Pakistan's no (man)go areas
Published: September 16, 2011

If recent news articles regarding Pakistan's mango exports are anything to go by, it appears that the king of fruits is receiving a royal ovation, world over.
Unfortunately, however, the ground reality belies recent media reports that the country has shipped more than 150,000 tons of mangoes to destinations around the world. "Our total exports of mangoes this season did not exceed 130,000 tons," said former chairman Pakistan fruit exporters association (PFVA), Waheed Ahmed.
cartoon"We have suffered huge losses this season; shipping lines delayed shipments, clearance from local customs authorities was affected by the temporary closure of PaCCS and the rains in Punjab caused major damage to the fruit there", explained Ahmed.
Government officials have painted a rosy picture for fruit exporters, claiming that sales of mangoes to Japan and the United States will surge dramatically in the next season. But the bitter truth is that little headway has been made in negotiations with both these countries.
On July 30 the inaugural ceremony of Pakistani mangoes was held at Chicago's Palmer House hotel. The event was hosted by the country's ambassador to the United States, Hussain Haqqani, and many US dignitaries were in attendance.
"2800 kilograms of mangoes were shipped to the US for this ceremony costing exporters more than $50,000", revealed chairman PFVA Abdul Malik. But he added that exporters are considering this a sunk cost because so far the US government has shown no inclination to redress stringent quality requirements that limit the viability of exports to the world's largest importer of mangoes.
The United States has authorized a single facility in Sioux City, Iowa to irradiate mangoes imported from Pakistan. Exporters have clamoured for the approval of Pakistani plants, including an existing facility in Lahore; to perform the same process. But so far, their requests have fallen on deaf ears.
Officials from TDAP and the commerce ministry have also reportedly asserted that the country can initiate exports of this fruit to Japan from next year to the tune of 200-300 tons. But among the trade barriers is the requirement of vapour heat treatment (VHT) of all mangoes shipped to Japan.
Waheed Ahmed, who operates the country's sole VHT facility as a pilot project revealed that the total capacity of this installation is "about 180 kilograms of mangoes per day" adding that this facility is not sufficient to initiate commercial export of mangoes to Japan.

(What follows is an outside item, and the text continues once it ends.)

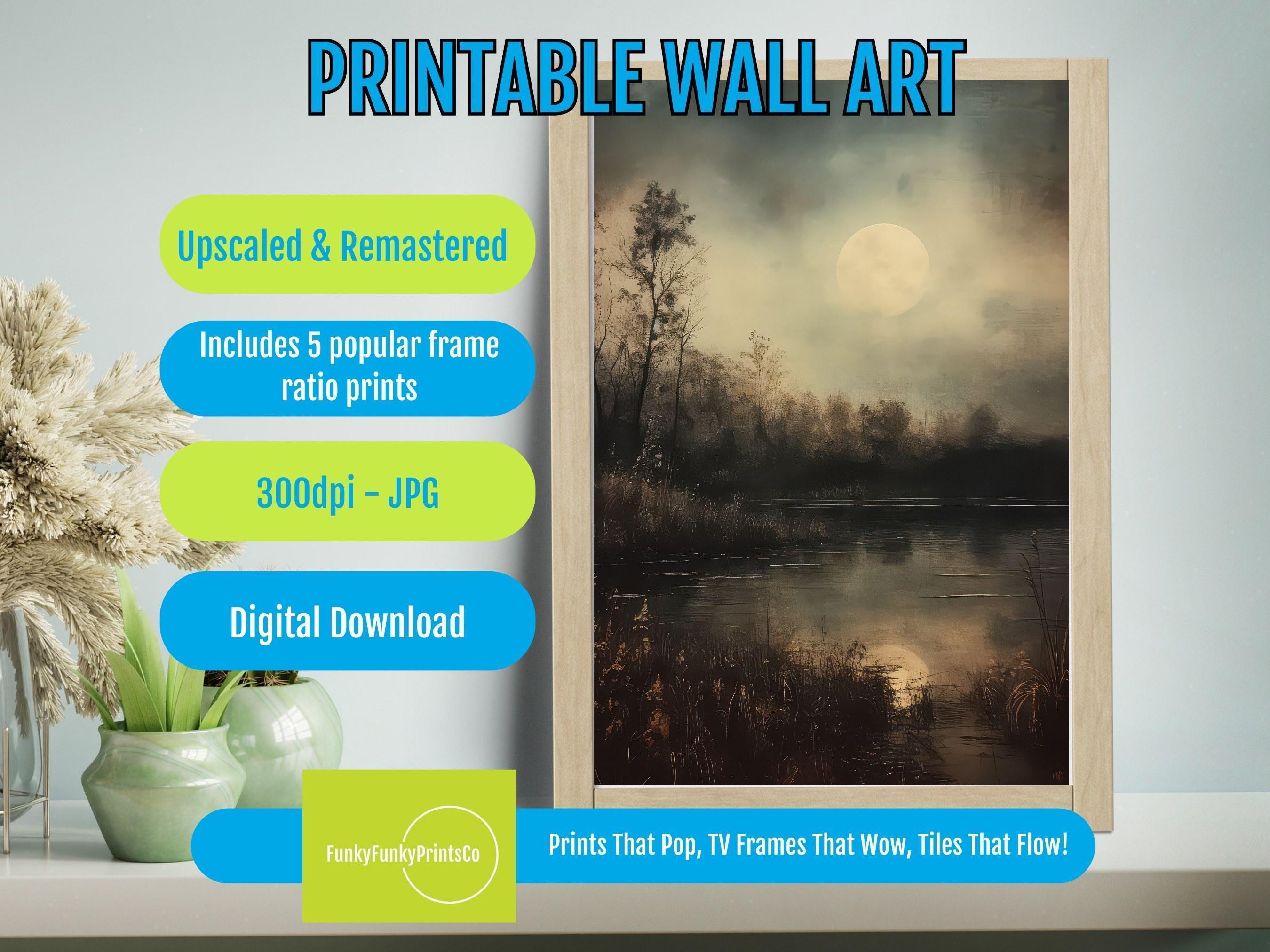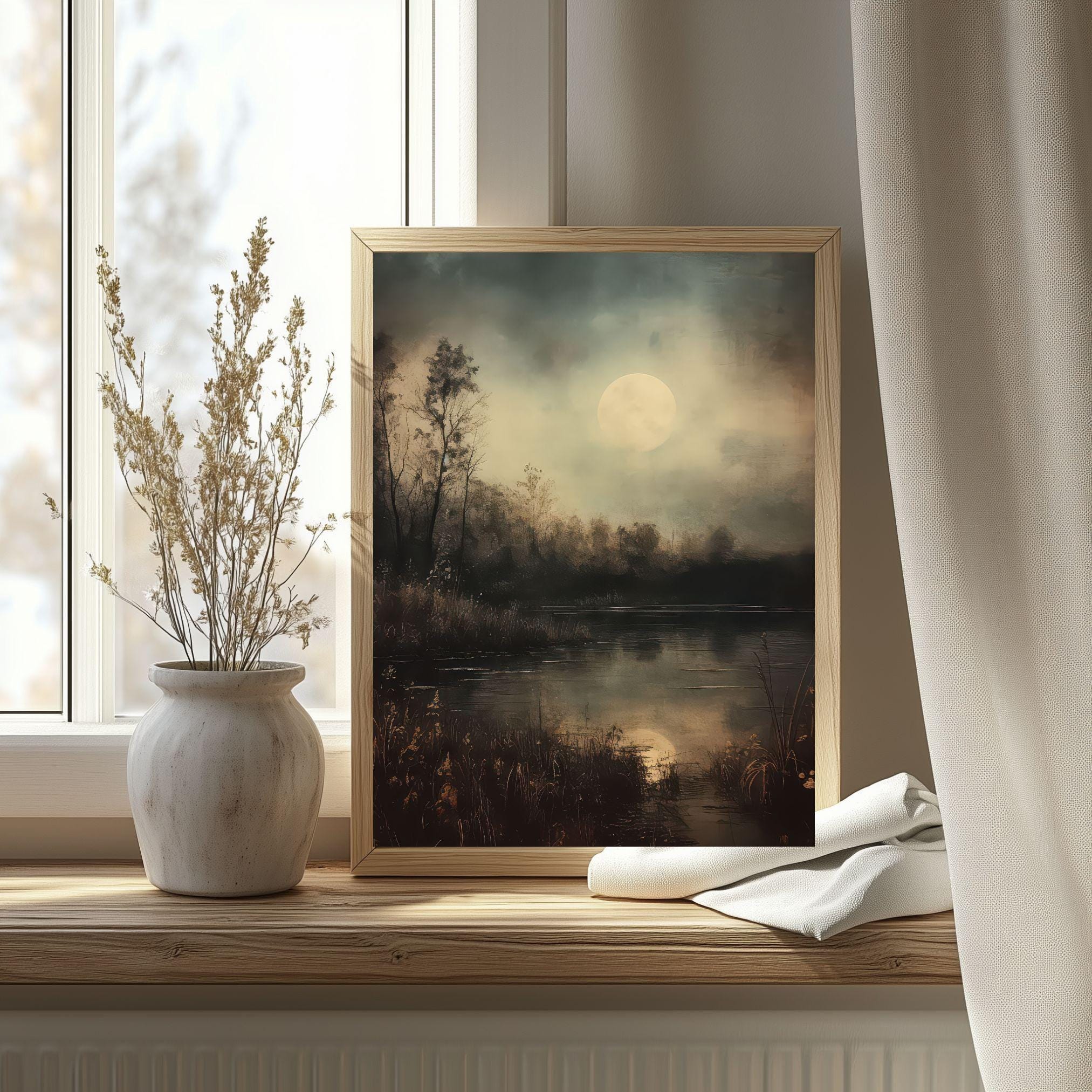Step into a tranquil world with this serene forest scene that captures the essence of a moody forest print bathed in moonlight. Perfectly blending rustic boho decor with calming natural elements, this artwork invites calm waters and peaceful wall art vibes into your living space. Whether you're curating a gallery wall or seeking modern wall decor that breathes nature's quiet beauty, this digital download art is designed to elevate your home instantly.

The Japanese government has keenly pursued local exporters to purchase a commercial-scale VHT plant, "but this installation will cost us about Rs350 million and even after that we would still be in a vulnerable position if a couple of years later, the Japanese government introduces new regulations regarding the export of mangoes to their country," warned Abdul Malik.
Instead of purchasing expensive infrastructure that is only relevant for exports to one country (Japan), Pakistan's government must work towards establishing indigenous process for quality control and getting them approved by the governments of major markets.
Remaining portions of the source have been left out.